Wednesday, January 20, 2010

"Infotopia" by Cass R. Sunstein

I just finished "Infotopia" by Cass Sunstein published in 2006, a law professor at the University of Chicago. I enjoyed the book and have the following comments:
  • Sunstein starts off with the danger of individuals and organizations surrounding themselves in an "information cocoon" (pg.9) where news sources and commentary are all geared to their specific cognitive bias. I find his solution, adding more blogs from the opposite political spectrum to be a bit simple. Critical thinking and rhetorical skills could be repositioned and replicated in software tools so that cognitive and consistent arguments with supporting empirical evidence would be integrated to the information stream of the individual or organization regardless of the source
  • The failure of deliberative groups to reach optimal decision when compared to more automatic methods he mentions of open-source, prediction markets, and random surveys, is the best part of the book for me. I have already seen far too many times in my career when decisions are made by a deliberative body that are clearly sub-optimal in my opinion and later events bear out that assessment. I have been one of those outliers that speak-up but are marginalized by the group-think of the moment. Sunstein's prescriptions for minimizing the failures are good, including supporting diversity of opinion in the group and to supplement the deliberative process with pre-surveys of experts or other automatic mechanisms to extract the group consensus. A better take away for myself was to increase my skepticism of deliberative decisions even more. Ego by individuals and groups shield us from the logical fallacies in the internal arguements and can prevent relevant information and judgements to be adopted as the decision. My hope is that for my current and future groups deliberative decision-making that I encourage diversity for all members by allowing them to feel comfortable speaking, not ignoring or marginalizing feedback and commentary from individuals I may not like, and to look for tools and techniques to supplement the decision-making process.
  • I also liked Sunstein's explanation of the Condorcet Jury Theorem that explains both way even if a percentage of a group is more likely to be right, that the overall group's response will more accurate than the individual. The Condorcet Jury Theorem also explains why deliberative group decision making fails if the initial conditions predispose the members to certain positions.
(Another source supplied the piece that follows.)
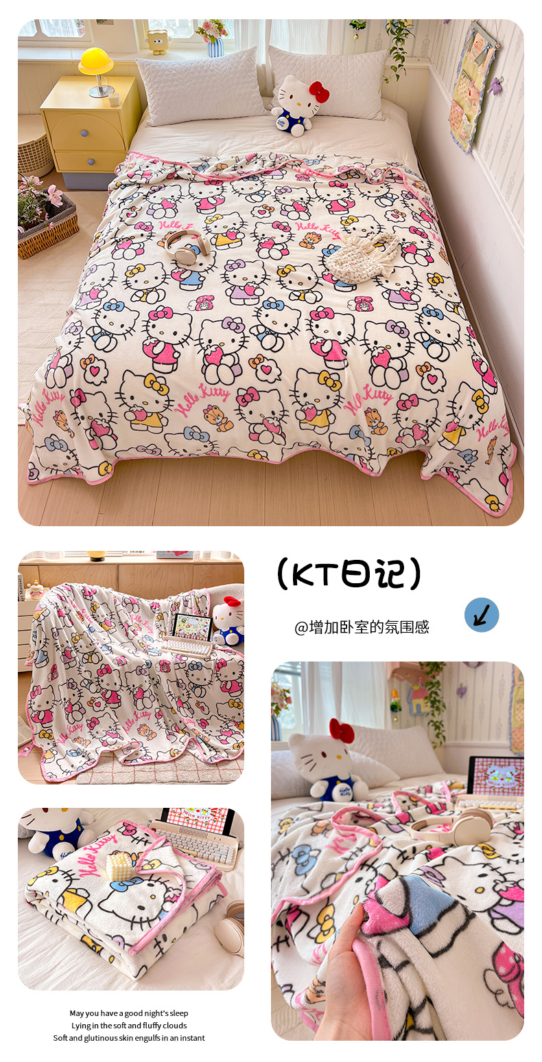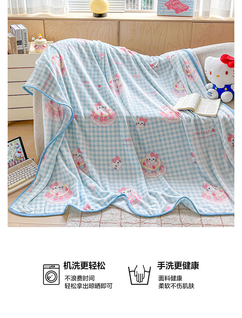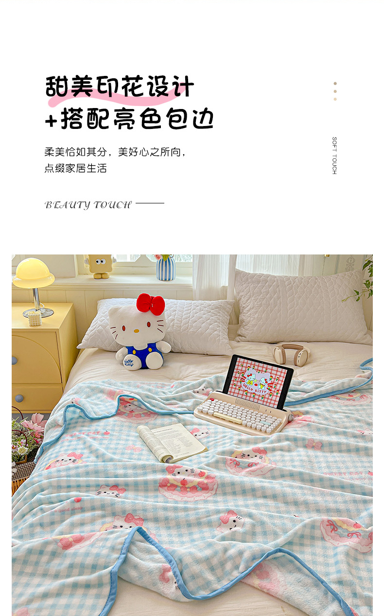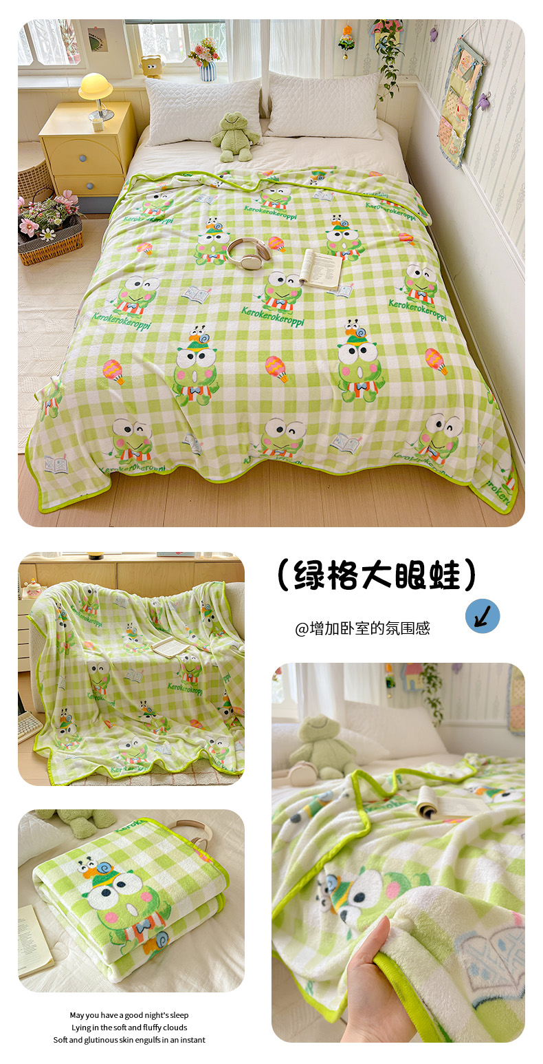 富米莱(原臻工厂) 2025新款正版授权三丽鸥高克重卡通牛奶绒毛毯多功能毯子盖毯一搭配亮色包边 绿格大眼蛙

What this book misses is partly a function of when it was written. I would be interested to see how Sunstein evaluates the market failures and current recession in light of the ideas and framework he writes about in "Infotopia". Additionally, Sunstein doesn't include methods of automatic decision making tools and techniques like large-scale system simulations and data mining. The dangers of becoming too reliant on automatic decision-making systems are not as well fleshed out as Daniel Suaraz has raised in a number of places including his novel "Daemon".